• [Problem description]:
No pictures should appear. The lines from the beginning of the listing through the one holding "Naše sdružení sice" must be reproduced exactly, and nothing more.
======== The records
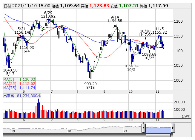 1117.59ポイント 10日東証マザーズ指数現物終値
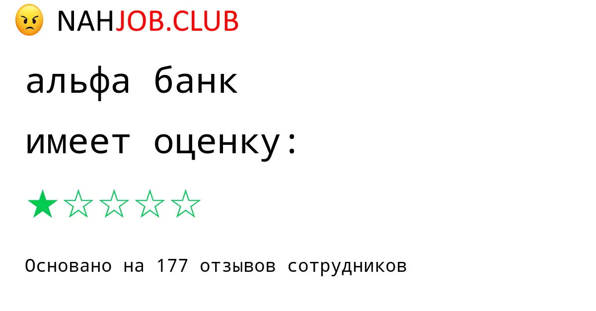 🔴 Мы собрали 1 отзыв бывших сотрудников про АЛЬФА БАНК по городу Чита . Это данные изнутри про зарплату, коллектив, штрафы.
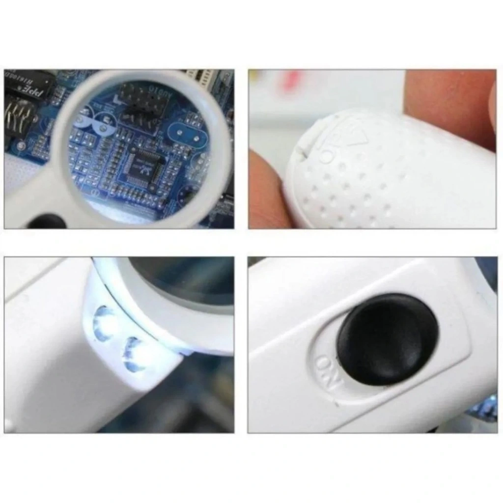 - Büyütecin yan tarafındaki düğmeye basarak LED ışıkları açın
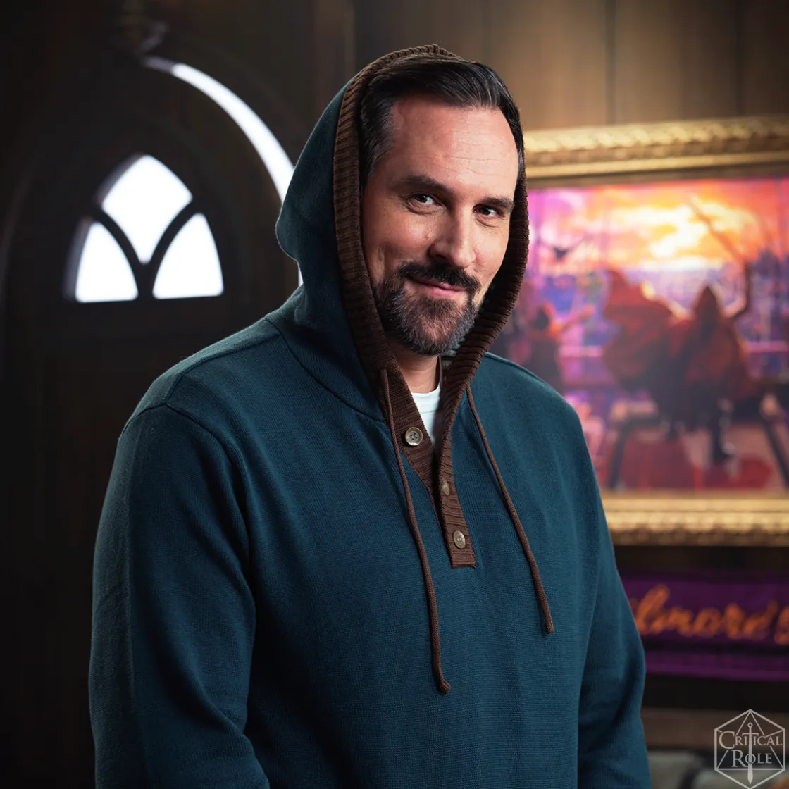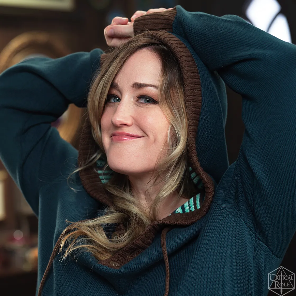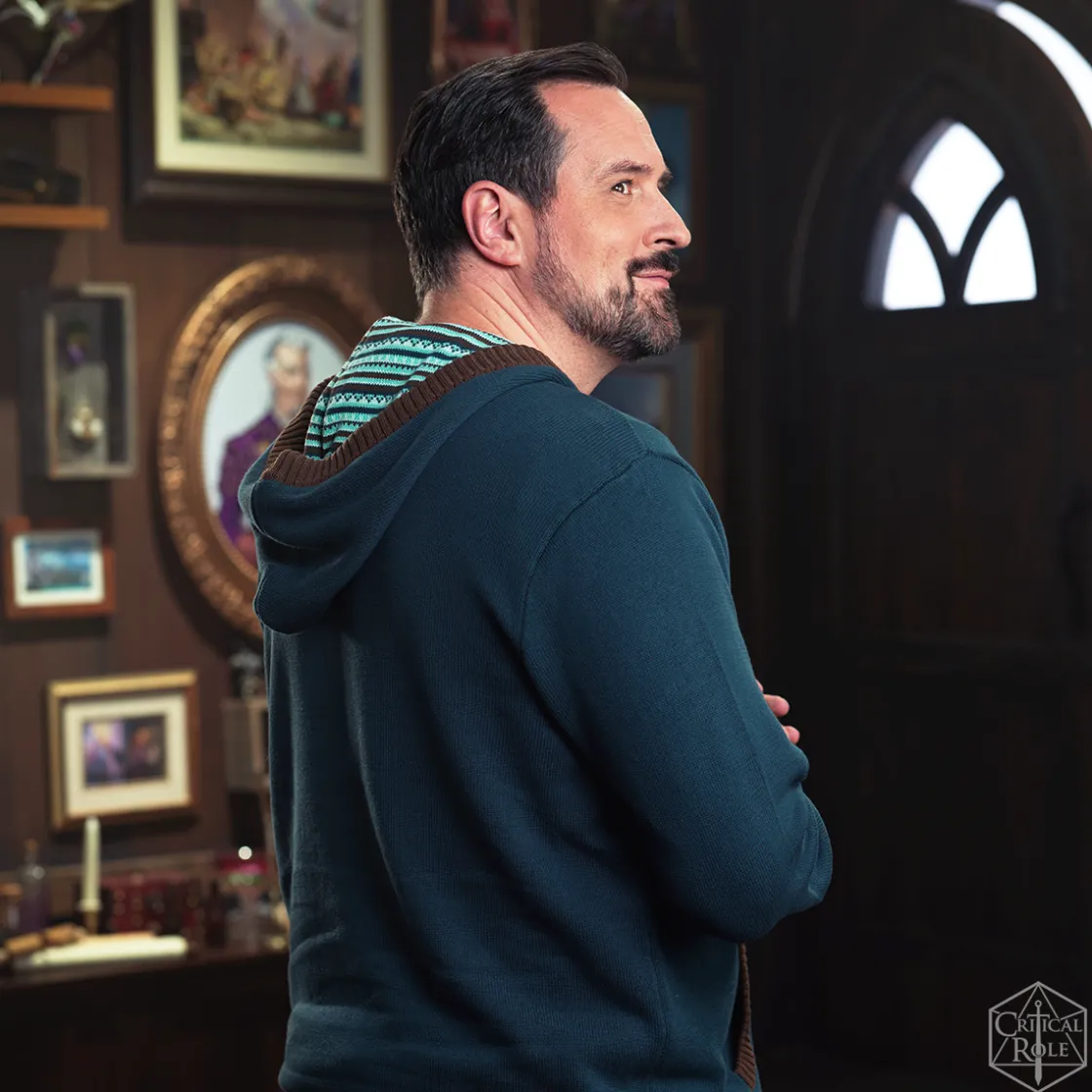 Inspired by the rustic woodworker, Chetney Pock O’Pea, this casually cozy pullover hoodie features a large front kangaroo pocket and contrasting knit ribbed cuffs, hem, and collar that encloses with three wood textured buttons. The lining of the full hood has a knitted pattern inspired by Chetney’s signature hat.
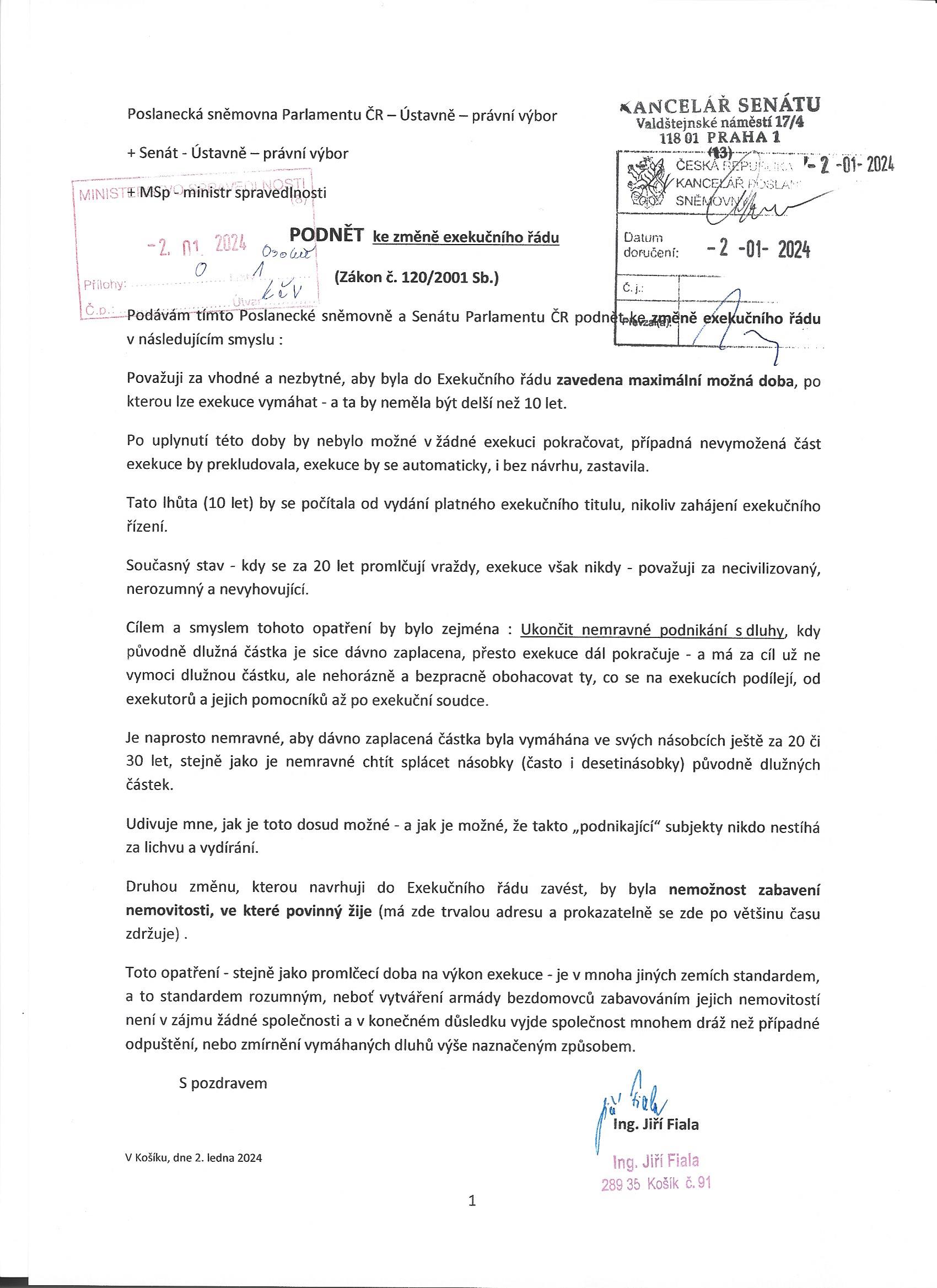 Naše sdružení sice již v historii předneslo několikrát své - zcela zásadní - návrhy na zamezení nejhorších špinavostí, spojených s exekucemi - ale není od věci to zákonodárcům čas od času připomenout, už proto, že ti se mění (a tak i EXE byznys musí stále znovu a znovu uplácet, aby jim tento zlatý rybníček poslanci nevypustili) a jsou stále noví a noví.
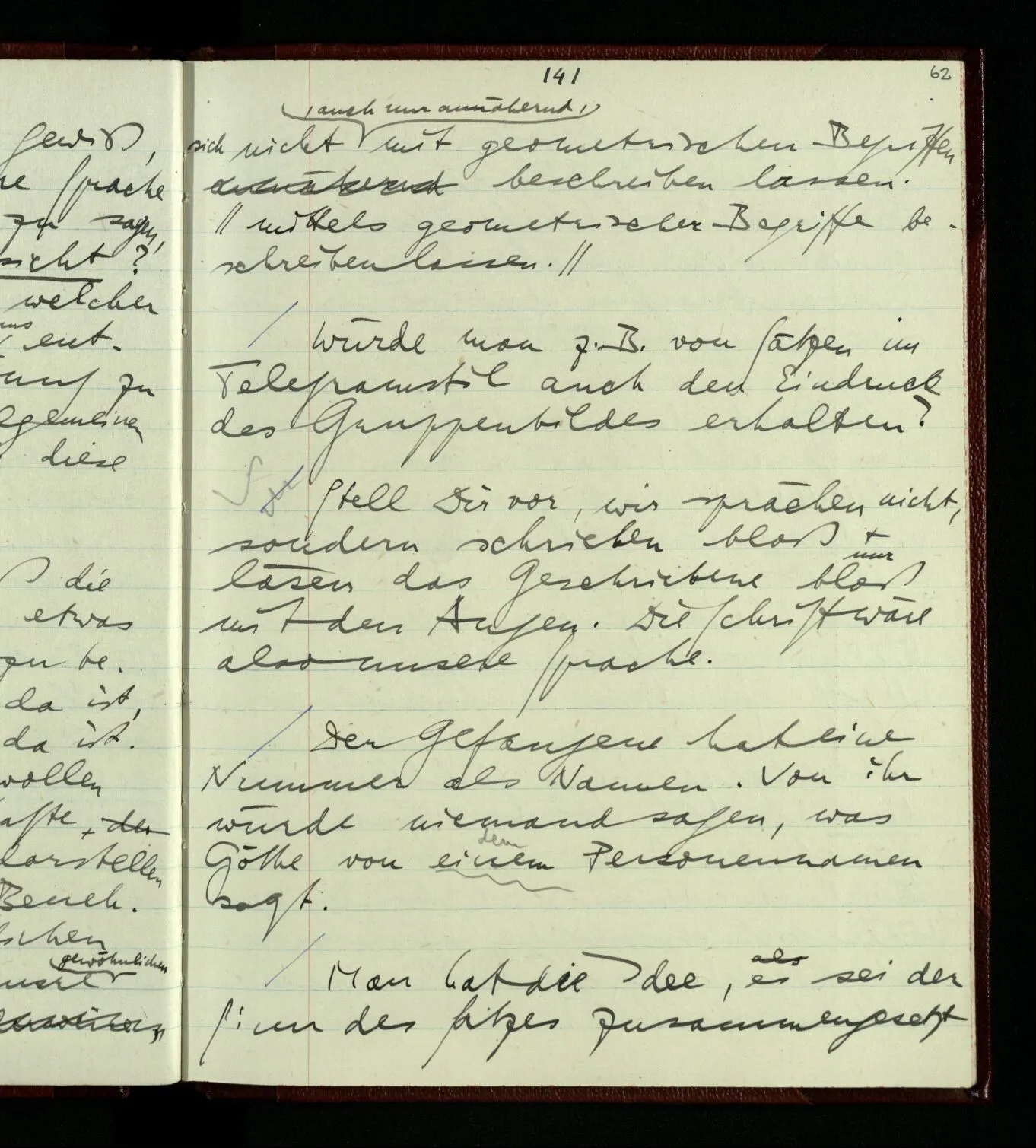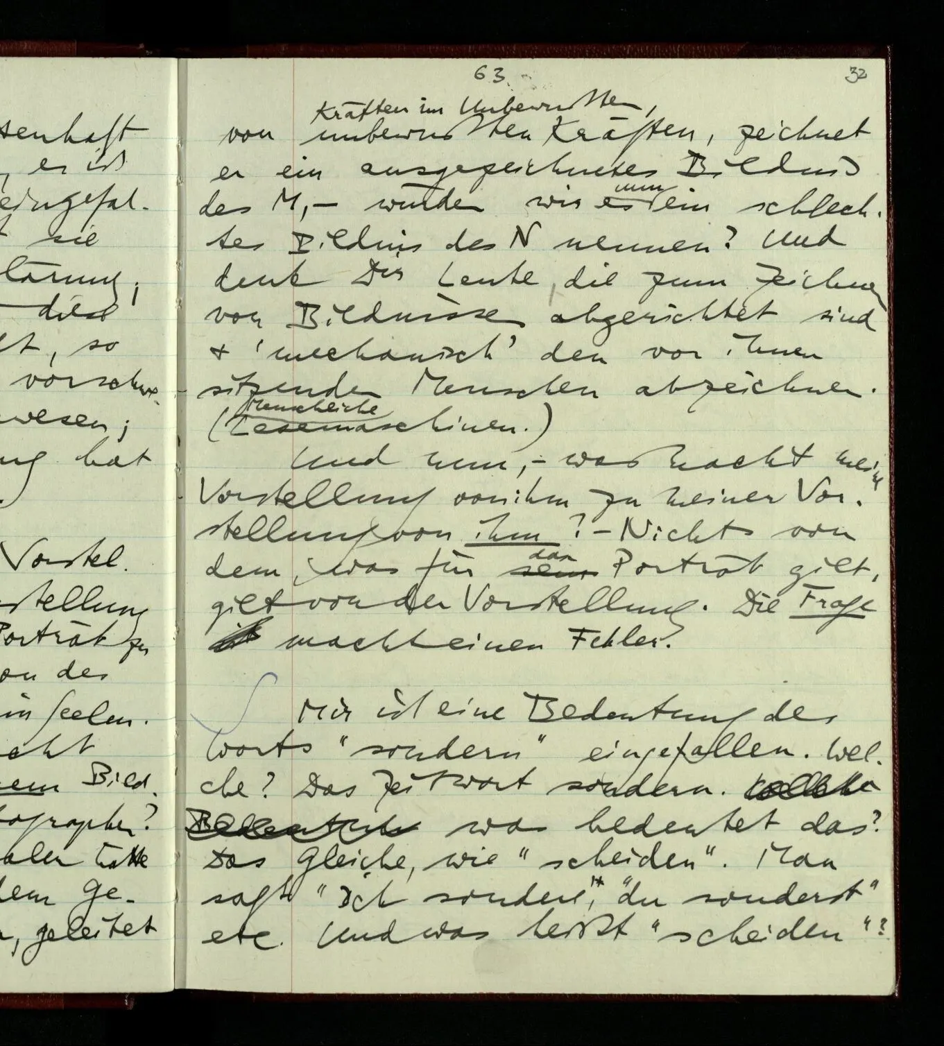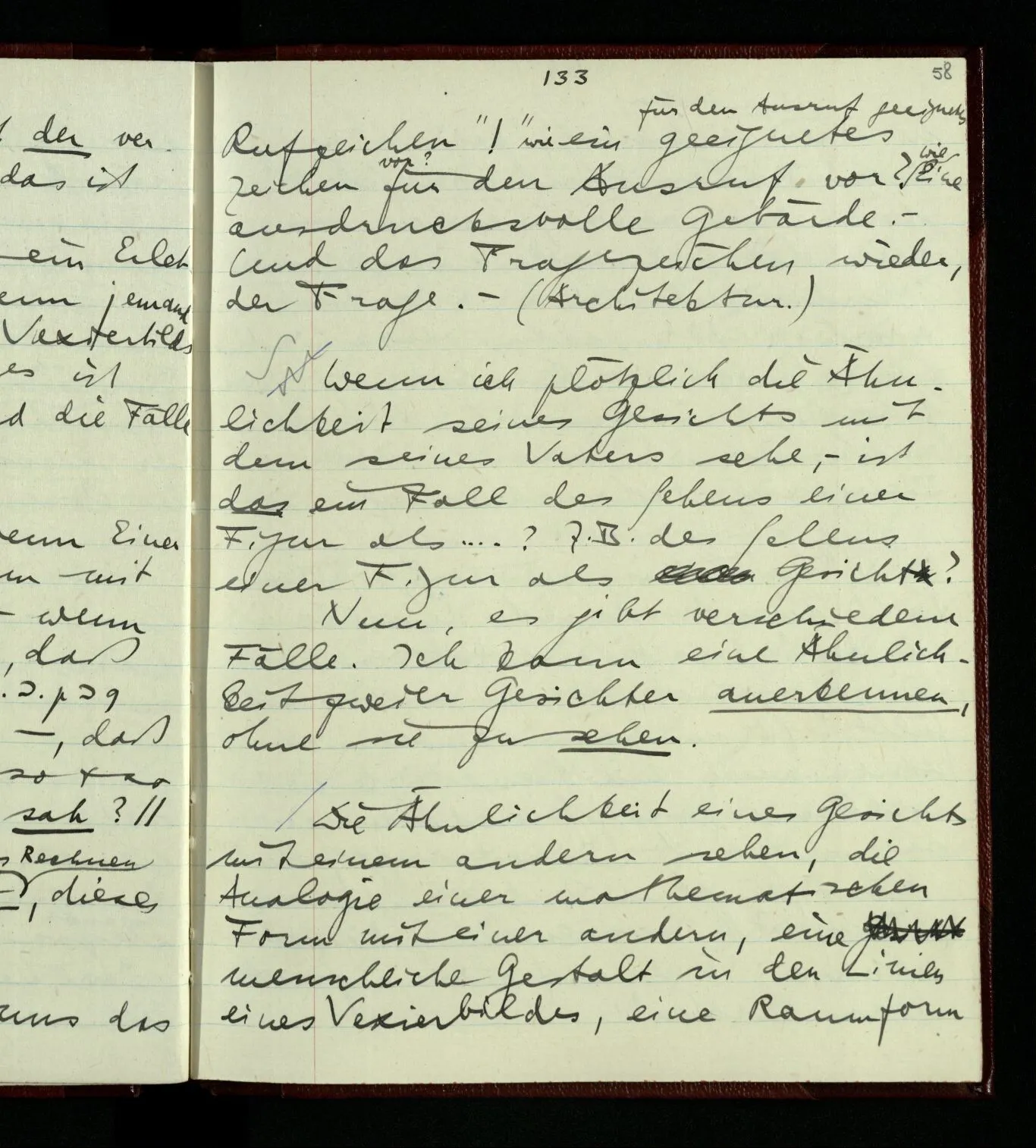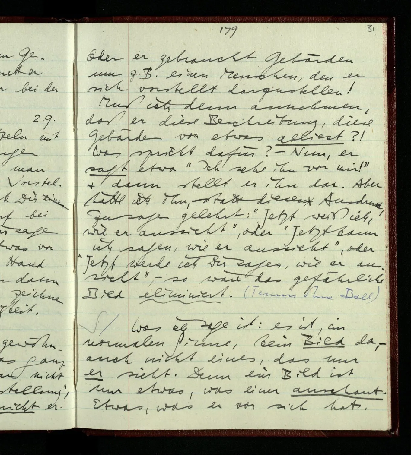 Ich redete zu meinen Nachbarn über ihren Doktor, dabei schwebt mir ein Bild dieses Menschen vor – ich habe ihn aber nie gesehen, kenne nur seinen Namen, & mache mir vielleicht nach diesem ein Bild von ihm. Wie kann nun dieses Bild charakteristisch dafür sein, daß ich von ihm rede? – Und doch kam es mir so vor, bis ich mich daran erinnerte, daß ich gar nicht weiß, wie dieser Mann ausschaut. Sein Bild repräsentiert ihn für mich also um kein Haar besser als sein Name.
================
• [Solution to this problem]:
 1117.59ポイント 10日東証マザーズ指数現物終値
 🔴 Мы собрали 1 отзыв бывших сотрудников про АЛЬФА БАНК по городу Чита . Это данные изнутри про зарплату, коллектив, штрафы.
 - Büyütecin yan tarafındaki düğmeye basarak LED ışıkları açın
 Inspired by the rustic woodworker, Chetney Pock O’Pea, this casually cozy pullover hoodie features a large front kangaroo pocket and contrasting knit ribbed cuffs, hem, and collar that encloses with three wood textured buttons. The lining of the full hood has a knitted pattern inspired by Chetney’s signature hat.
 Naše sdružení sice již v historii předneslo několikrát své - zcela zásadní - návrhy na zamezení nejhorších špinavostí, spojených s exekucemi - ale není od věci to zákonodárcům čas od času připomenout, už proto, že ti se mění (a tak i EXE byznys musí stále znovu a znovu uplácet, aby jim tento zlatý rybníček poslanci nevypustili) a jsou stále noví a noví.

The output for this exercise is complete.